**Question:**

Suppose two binary trees, T1 and T2, hold entries satisfying the heap-order property (but not necessarily the complete binary tree property). Describe a method for combining T1 and T2 into a binary tree T, whose nodes hold the union of the entries in T1 and T2 and also satisfy the heap-order property. Your algorithm should run in time O(h1 +h2) where h1 and h2 are the respective heights of T1 and T2.

**Answer:**

The idea is to treat the two binary trees as the two subtrees of a heap that has its greatest element removed.

——Algorithm:

Create a new binary tree node and attach T1 and T2 as left and right subtree.

Heapify by selecting the greatest of rootT1 and rootT2 and put that item in the new root.

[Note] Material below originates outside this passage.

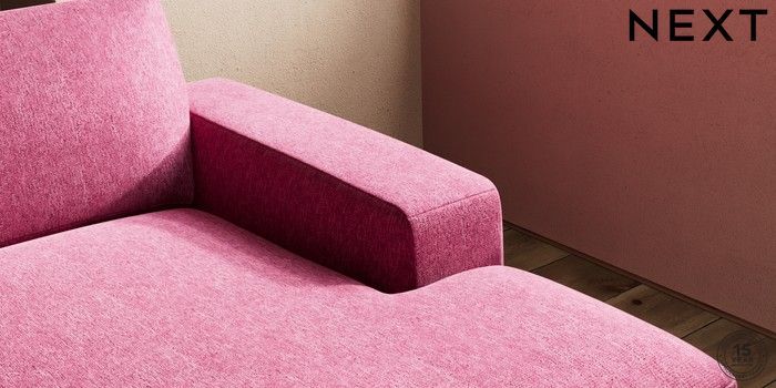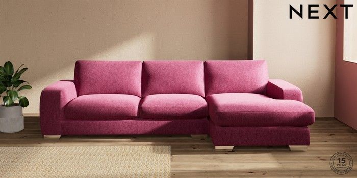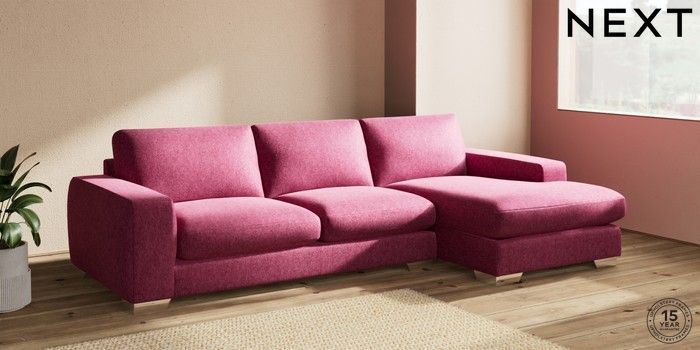 7.2.10 Houghton Deep Sit Large Sofa Chaise - Right Hand Cotswold Chenille Dark Raspberry Pink Large Square Angle - Chrome Metal | Made Click here to use our website with more accessibility support, for example screen readers
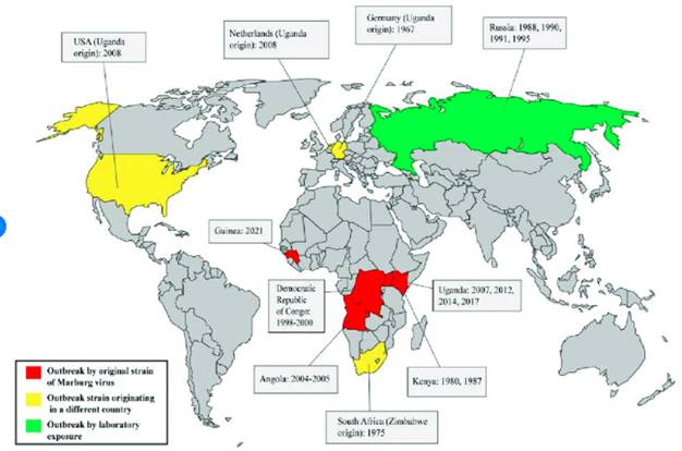 Hình 2. Bản đồ dịch tễ bệnh do virus Marburg trên thế giới

Repeat the process for rootT1 or rootT2, depending on which one was selected in step 2, and so on, until the heap is restored.

—–Complexity:

A binary tree node can be created in O(1).

This is done in constant time. O(1)

Every step takes constant time, O(1), and for each step, we descend one level in the tree (since the item picked to replace the one that used to be in the node we’re in is taken from that node’s children). This means that we’ll do a number of steps equal to the height of the tree. Since we don’t know whether we’ll descend into T1 or T2, this will take O(Max{H1, H2}) which is O(H1 + H2).

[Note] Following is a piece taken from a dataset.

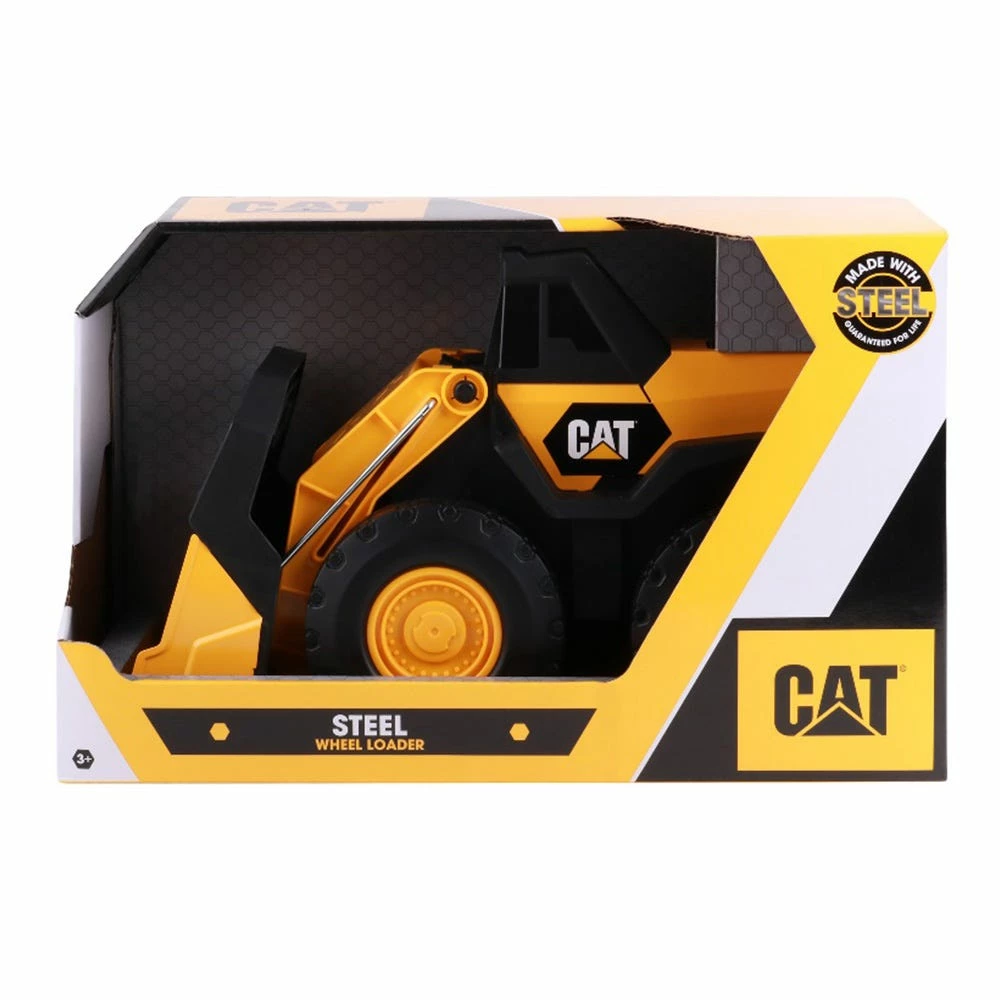 Take on the toughest construction jobs with the Cat Steel Wheel Loader. Built with sturdy steel construction and large wheels this 16” vehicle is just the like the real thing. You’re in control of the action. Move the articulated arm and bucket up and down to scoop up dirt, rocks, or sand, haul it away, and dump out the payload. Real Cat machines are known for their high quality, and these toys are no different. Cat steel toys feature a lifetime guarantee so you can be comfortable knowing this product is built to last. Appropriate for ages 3 years and up.
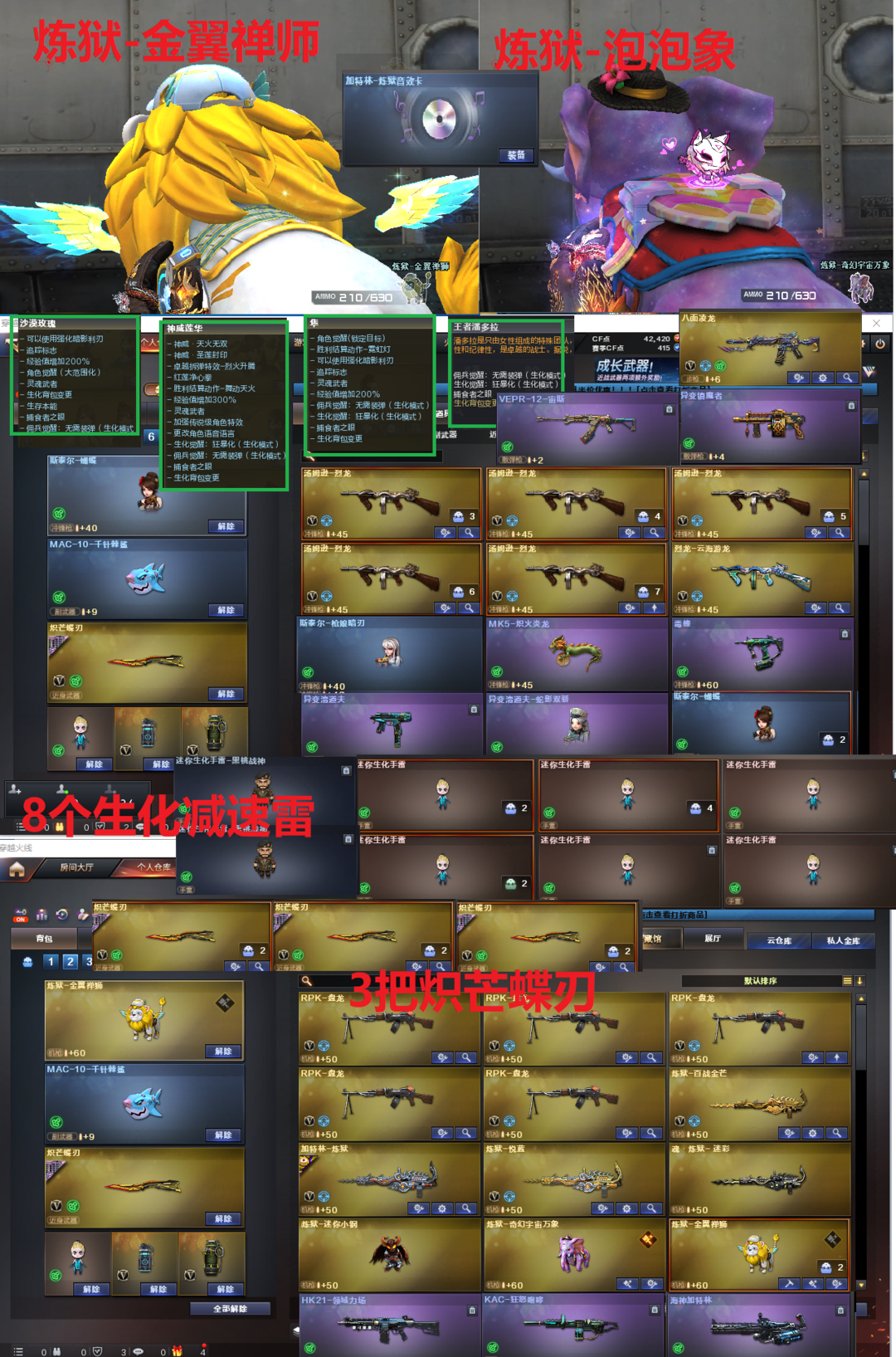 装备描述:排位:可以-----------双清道夫=无限卡子弹、、、、、、生化四防极品(变更背包、看僵尸血量):无需换弹、6烈5盘、3炼狱、炼狱-金翼禅师、炼狱-泡泡象、八面凌龙、斯泰尔蝴蝶、斯太尔枪娘暗刃、VPER-12宙斯、毒蜂、清道夫、清道夫-小人枪、异变镇魔者、炽火炎龙、、KAC狂怒咆哮、领域力场、双面神、MAC龙宝、MAC千针棘鲨、3把炽芒蝶刃、8个减速雷、全部弹匣、、、、、、、爆破四防:幻神9皮+音效(KZ、EP荣耀、24AG、宠儿、冠军之幻、丹凤、周瑜、电流骇客、黄忠)M200-竞技荣光、王者星神、、、、传说幽冥、USP雷暴、COP幻灵、柯尔特竞技荣光、2个USP冥王、23白鲨柯尔特、EP荣耀柯尔特、冠军之特、、、G36幻影、神威天绫、传说暗裔、天戎、白虎、QBZ金色蔷薇、、、幻神音效、裁决音效、幻影音效、白虎音效、毁灭音效、雷神音效、、、4套雷暴、8套电竞装甲、1套幻灵、3套竞技荣光、1套神工天巧、3套量子之心、1套雷霆王者、1套王者之魄、、、生化四防(神威莲华、沙漠玫瑰、隼、王者潘多拉)、爆破四防(传说星骇、妮妮、等等)

The total is then O(1) + O(1) + O(1)O(H1 + H2) = O(H1 + H2)

—-Correctness:

The heap property holds for T1 and T2, meaning that the roots are greater than the items in their trees. Since the greatest of the two roots is picked to be the new root, the new root will be greater than all items in both subtrees.

The same argument can then be repeated for each step in the heapify process.

Thus the heap property will hold for the resulting tree.